(News-Herald, April 3) Everywhere you look, you can find people who are surprised.
I notice it, for instance, in the grocery store. Frequently, while moving through an aisle, I find myself behind someone who parks in the middle of the aisle and slows to a speed that I would describe as glacial, except that these days we are told that glaciers are melting a few feet per year, which makes them much faster than my shopping roadblock.
Eventually the puzzled shopper registers the collective death stare of the half-dozen shoppers he has trapped, looks up, and is surprised to discover that other people are shopping in the store! Imagine. And many of them want to use the very same aisle!!
I can actually sympathize a bit. Many’s the time I have found myself transfixed by a particularly lovely piece of packaging (fruit and pasta are both delightfully arty). Since my son began his side-career in late-night grocery stocking, I have learned a certain professional appreciation for a good facing job (Facers are like little grocery store elves who toddle into the store in the dead of night to make sure that each shelf presents a full and lined-up front that hides gappage behind it; facing is a sort of consumer-based sculpture that captures the battle between chaos and order, human accomplishment and existential angst, oreos and fig newtons. When you decide you won’t buy the cheesy puffs after all, and stick them in between packages of soap, you’re making work for some facer).
At any rate, I can see how grocery displays might lead one to absently forget about the traffic around. But then I meet the surprised people in the check-out line. These are the folks who are, apparently, surprised that food costs money! They unload their food, watch the checker ring it up, and then, only after the checker has announced that the customer will, in fact, be asked to pay for the food, does the customer begin to consider how the transaction might be completed. Does she have money in her purse? Might she write a check, or could this be a plastic kind of evening?
It’s a suspenseful moment, best appreciated by people in line who had no hopes of going anywhere soon. I pass it by imagining the conversation later at home. “Yes, dear, I got groceries. I thought I might not have to get out money this time, but it turned out they charged me for the food again!”

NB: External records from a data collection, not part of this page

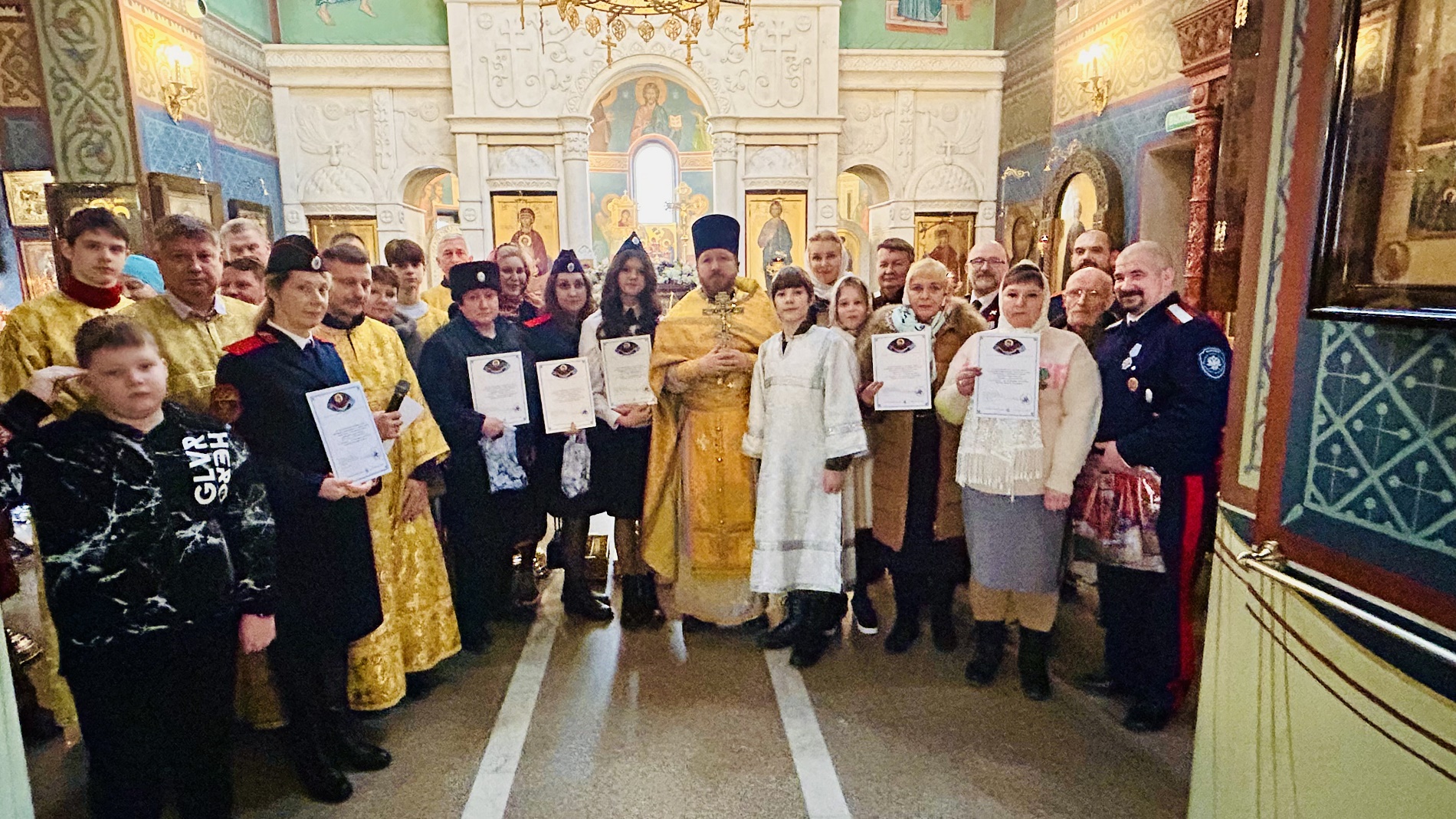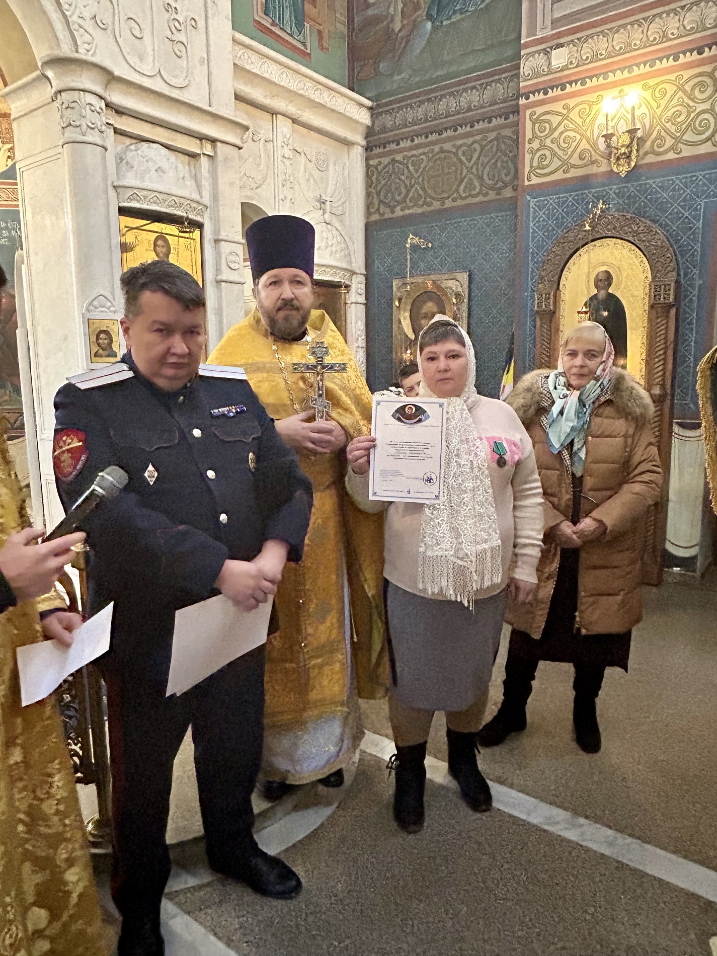 7 декабря в Покровском казачьем храме д. Мышецкое г.о. Химки прошло торжественное мероприятие, посвященное прошедшему празднику Дню матери казачки. В этот день приглашенным представительницам окормляемых казачьих обществ ГКО г. о. Солнечногорск, Лобненского ГКО и ХКО Химкинское были вручены благодарственные письма и символические подарки от Коллегии по окормлению казачества при Отделе по взаимодействию с Вооруженными силами, правоохранительными органами и казачеством Сергиево-Посадской епархии. С поздравительным словом к присутствующим женщинам-казачкам обратились протоиерей Александр Азаров, настоятель храма, председатель Коллегии по окормлению казачества Сергиево-Посадской епархии и заместитель Атамана Отдельского казачьего общества Московской области, ВКО «ЦКВ» атаман ГКО г.о. Солнечногорск, есаул Александр Петрович Чижуэн. В мероприятии также принял участие заместитель главы г.о. Солнечногорск Эдуард Александрович Машковцев. Праздник завершился дружеской беседой за чайным столом.
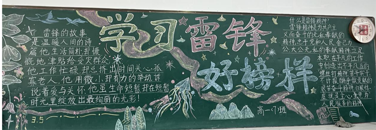 “雷锋精神驻心间,青春行动在校园”,高一的同学们则用色彩斑斓的黑板报,生动展现了这一主题。这些充满创意的黑板报作品,不仅美化了校园环境,更让雷锋精神如春风般吹进了每位同学的心田。
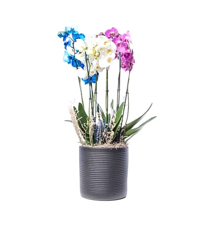 Mixed Orkide, doğanın büyülü renklerini bir araya getiren benzersiz bir tasarıma sahip olan bir çiçek aranjmanıdır. Bu göz alıcı aranjman, beyaz, mor ve mavi orkidelerin zarif bir şekilde bir araya getirildiği, etkileyici yeşilliklerle süslendiği bir kompozisyondur. Tasarımındaki ince detaylar ve renklerin uyumu, hem iç mekanlarda hem de özel etkinliklerde harika bir görüntü oluşturur.
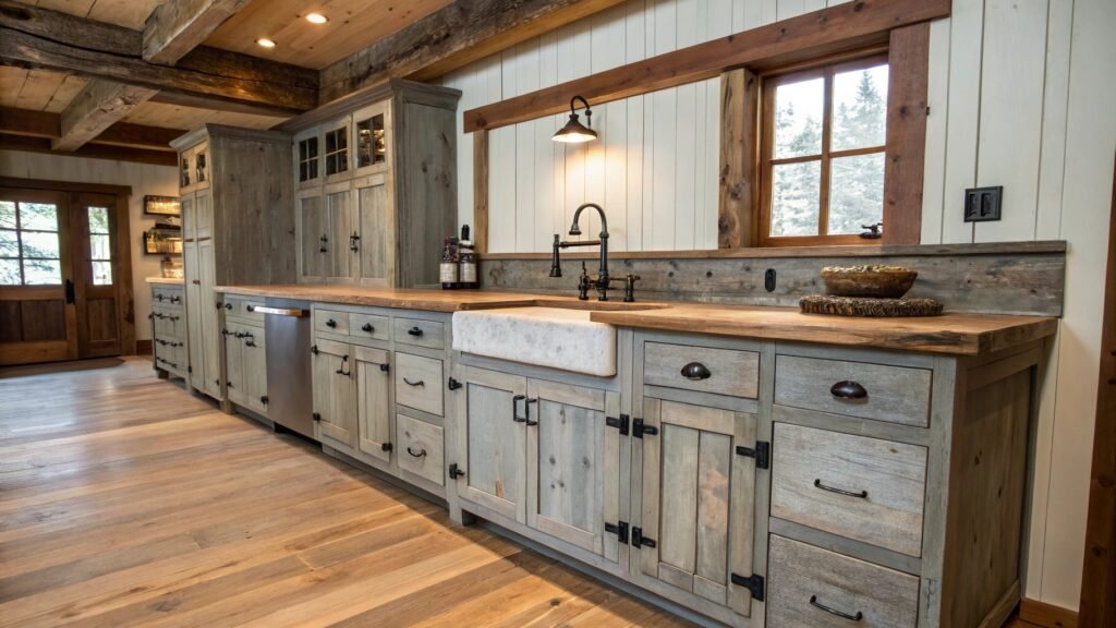 Distressed wood cabinetry brings authentic mountain lodge character to this stunning rustic kitchen design. Gray-washed oak showcases natural weathering and character marks that tell stories of age and craftsmanship, creating genuine charm throughout the space. The muted gray tones provide sophisticated warmth while maintaining the organic, lived-in feel that defines authentic rustic style.
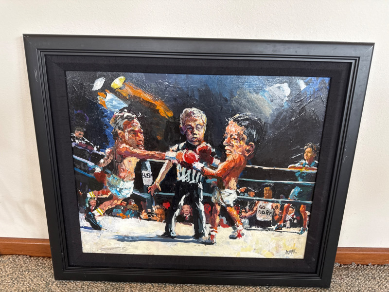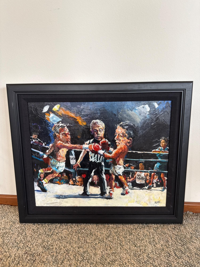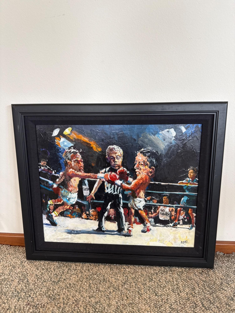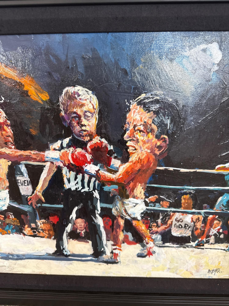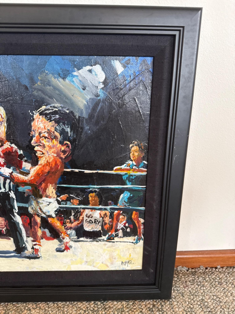 Measures 24" W × 20.5" T This energetic original acrylic painting by Danny Mayes captures a satirical, larger‑than‑life political boxing match featuring Al Gore and George W. Bush squaring off in the ring. Painted in Mayes’ signature caricature‑infused style, both fighters are rendered with exaggerated expressions and oversized heads, emphasizing the theatrical nature of political rivalry. Behind the ropes stands Hillary Clinton, dressed in a blue dress, observing the match with a composed, knowing presence. The crowd is packed with recognizable faces, including Ross Perot and Sylvester Stallone, the latter sporting a “Go Gore” T‑shirt that adds a humorous pop‑culture twist. A referee stands between the fighters, heightening the sense of action and anticipation. Mayes’ bold brushwork, vibrant palette, and expressive characterizations give the scene a lively, almost cartoon‑like energy. The painting blends political commentary, humor, and personality—an unmistakable example of Mayes’ ability to turn contemporary figures into vivid narrative art. Danny Mayes is a Pacific Northwest painter known for his bold, intuitive brushwork and expressive depictions of regional life. Born in Tacoma, Washington, Mayes originally trained as a boxer before earning a scholarship to the Burnley School of Commercial Art (later the Art Institute of Seattle). There he studied under celebrated Northwest painter William Cumming, whose influence can be seen in Mayes’ gestural linework and dynamic compositions. Working primarily in acrylic and watercolor, Mayes paints street scenes, maritime subjects, Alaska and Northwest landscapes, and character‑driven portraits—including humorous or satirical works like this political boxing scene. His paintings have been collected by the Seattle Seahawks, Seattle Mariners, and numerous corporate and private collectors. Mayes’ work is admired for its immediacy, warmth, and the sense of movement he brings to every subject.Artist Bio — Danny Mayes (American, b. 1950s)
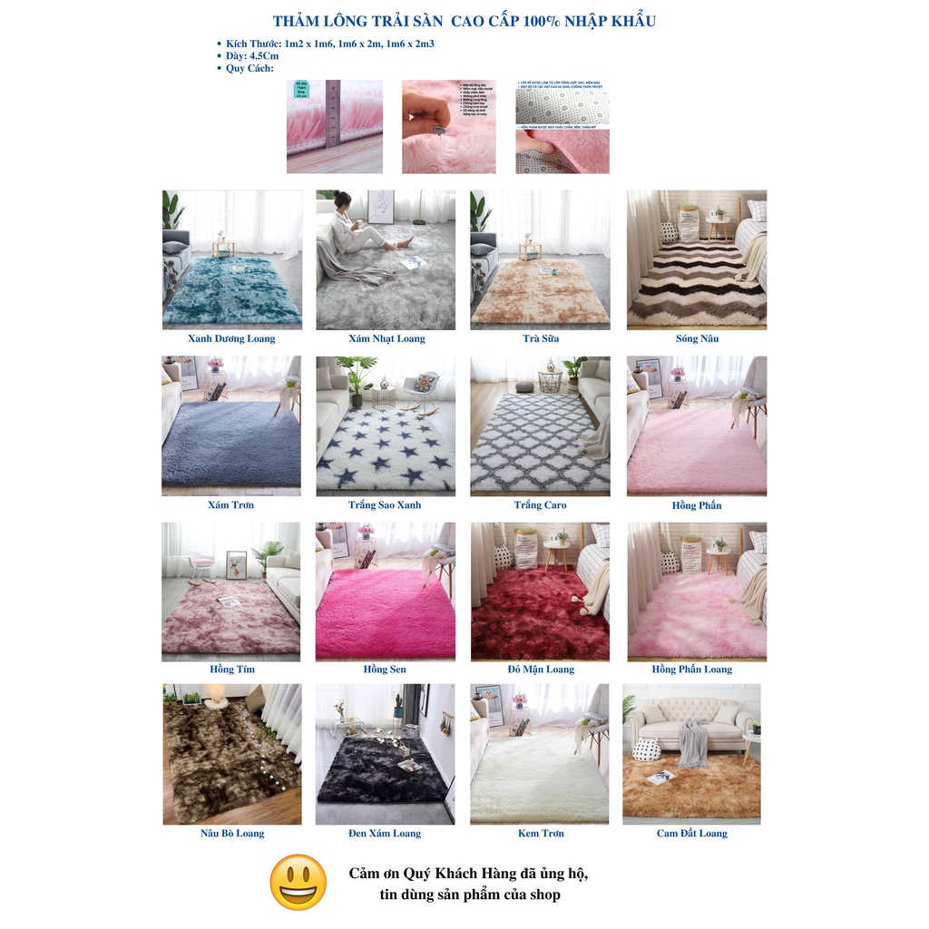 Giới thiệu [Mã LIFE20KALL giảm 10% đơn 50K + QUÀ ] [100% Nhập Khẩu] Thảm Lông Trải Sàn 1m2 x 1m6, 1m6 x 2m3 cho Phòng Khách, Ngủ.
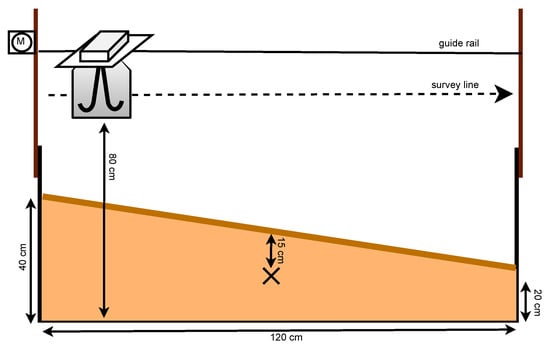 Schematic representation of the experimental setup, depicting the survey line, guide rail, and measurement setup.
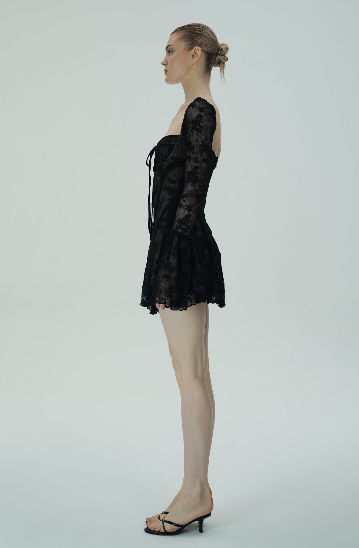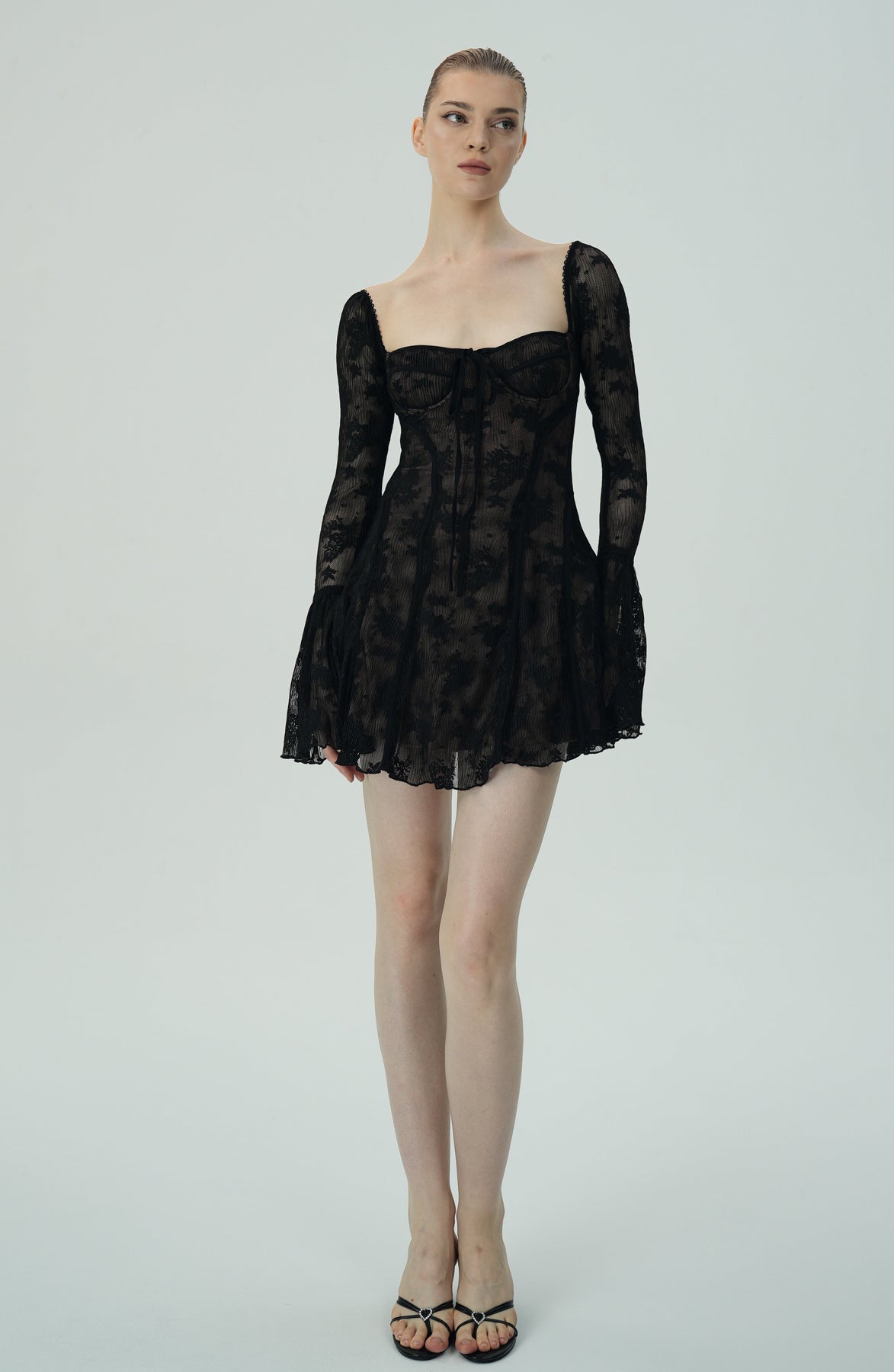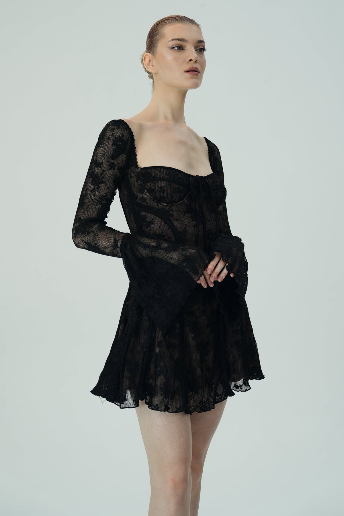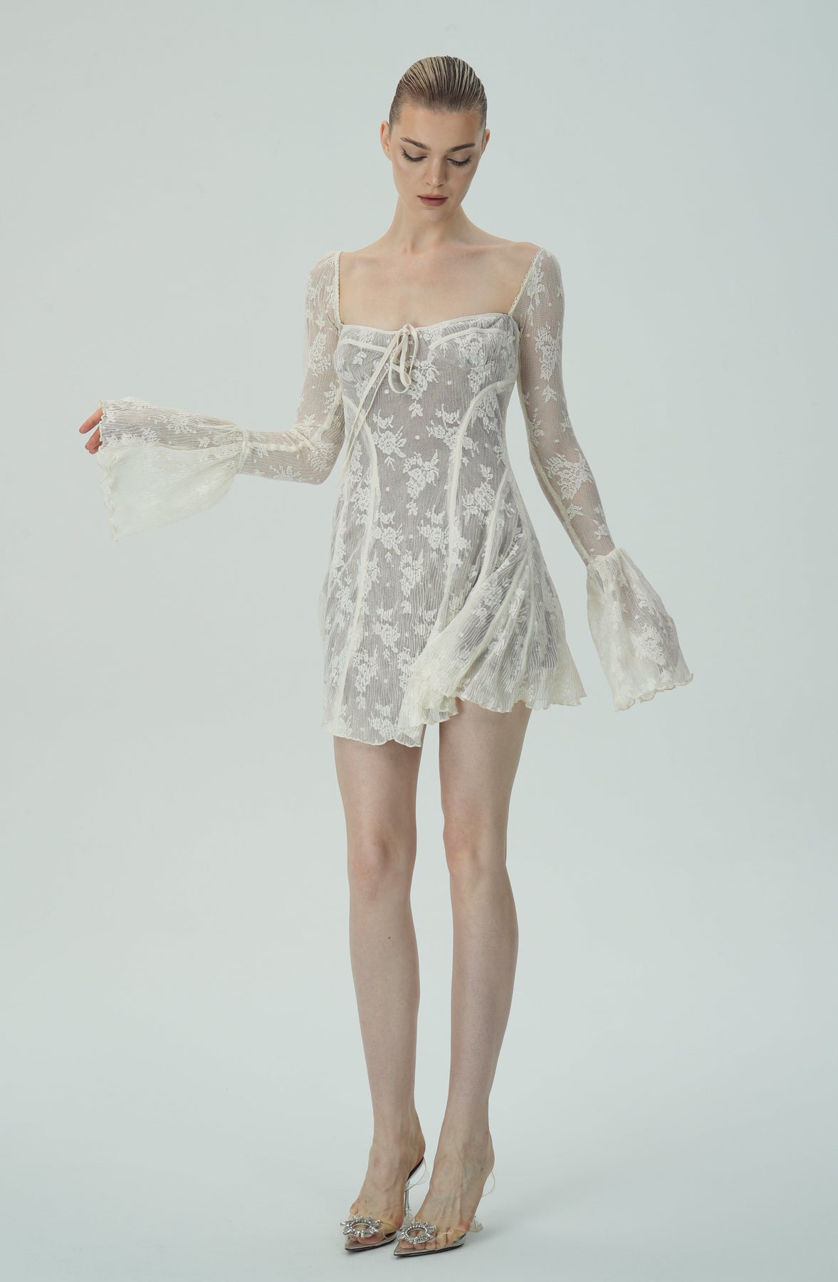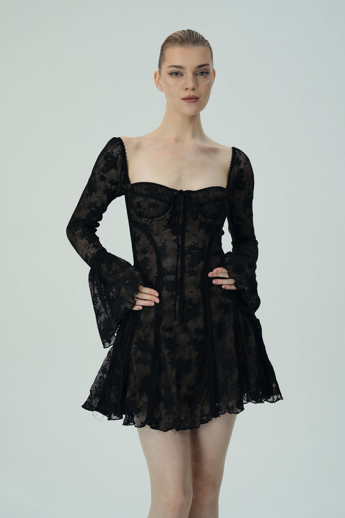Bu zarif mini elbise, detaylı dantel kumaşı, hareketli çan kolları ve ön bağcık detayıyla feminen ve modern bir stil sunuyor. Beden oturan gövde kesimi beli vurgularken, A kesim eteği özgürce hareket etme imkanı tanır. Genç ve enerjik havasıyla hem günlük hem de özel günlerde rahatlıkla kullanılabilecek bir tasarım!
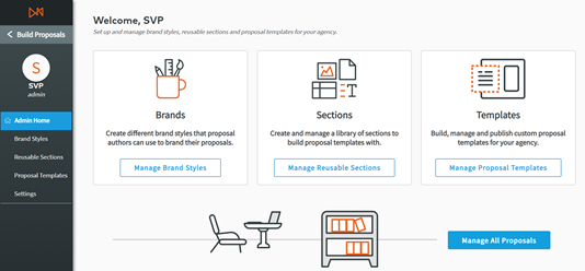Admins can customize every aspect of their organization’s proposals to ensure consistent branding style, messaging, and proposal structure. The initial setup can take as little as 20 minutes, but it needs to be completed before Account Managers can begin creating proposals.
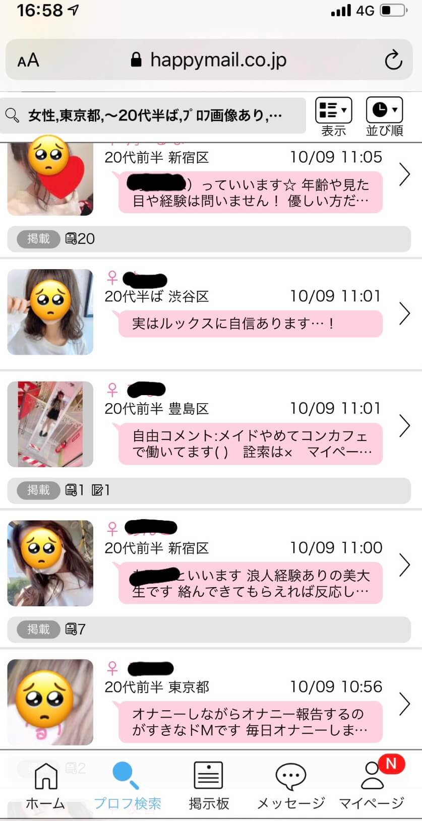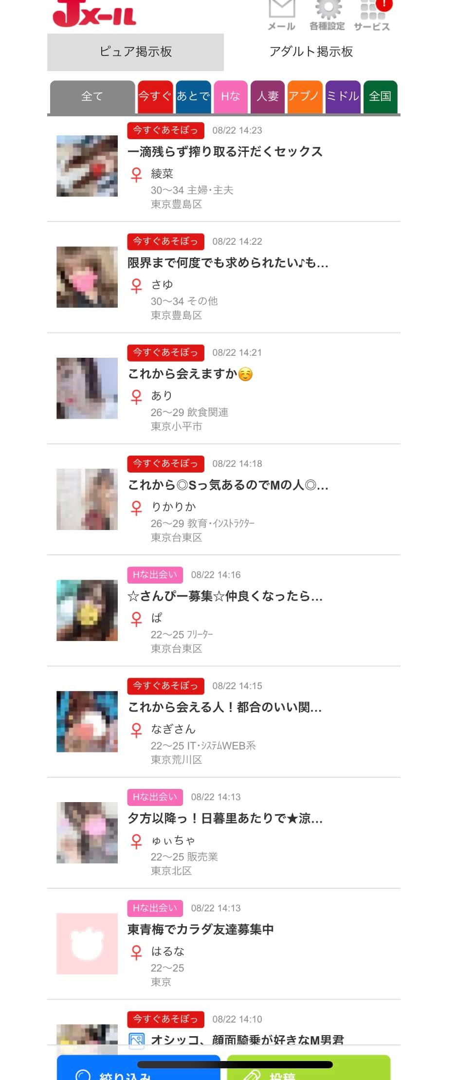 下の写真はjメールの「アダルト掲示板」の画面です↓↓
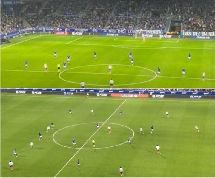 西甲未播出本场比赛的前25秒,主裁吹响开场哨后,镜头马上切到球场的俯瞰视角,放了将近20秒才回到球场内,但给的是双方主帅特写。待到比赛画面恢复,比分牌上的计时器显示已是0分26秒。

Probably the biggest class of surprised people are the folks who are constantly surprised to discover that they are not the only human beings in the world.
Grocery stores, the mall, the highway—you can find them everywhere, acting as if it had never occurred to them that they might be sharing space with other slices of humanity.
You can find a full herd of them in just about any school parking lot at the end of a sports event or other post-scholastic activities, bobbing and weaving and honking and being rather surprised that they are not the only person there to pick up Junior. Other people want to drive past the school entrance? I should park my limited edition custom land cruiser athwart the traffic lane? That’s just crazy!
Some people manage to be surprised by the events that unfold in front of them. The best way to experience this sort of surprise is to simply ignore history. It took a real willful ignorance of history (both Iraq’s and our own) to be surprised by the hash of events in the Persian Gulf and the failure of USA style democracy to quickly take root and bloom.
Likewise, one would think that local leaders, trying to accomplish anything quickly and quietly, could hardly be surprised that people A) catch on, B) jump to conclusions and C) become cranky. Nor could any of us be surprised any more than the result of some local crankiness is that some folks will hit the speed-dial code for their lawyer faster than a junk yard owner can yank his bad-mannered attack dog out of its shed.
I think we’ve all caught on to most of that. And yet, I can already smell the preamble to that inevitable moment when folks are shocked and surprised that Two Mile Run County Park & Cage Match ends up costing county taxpayers money. Surprise!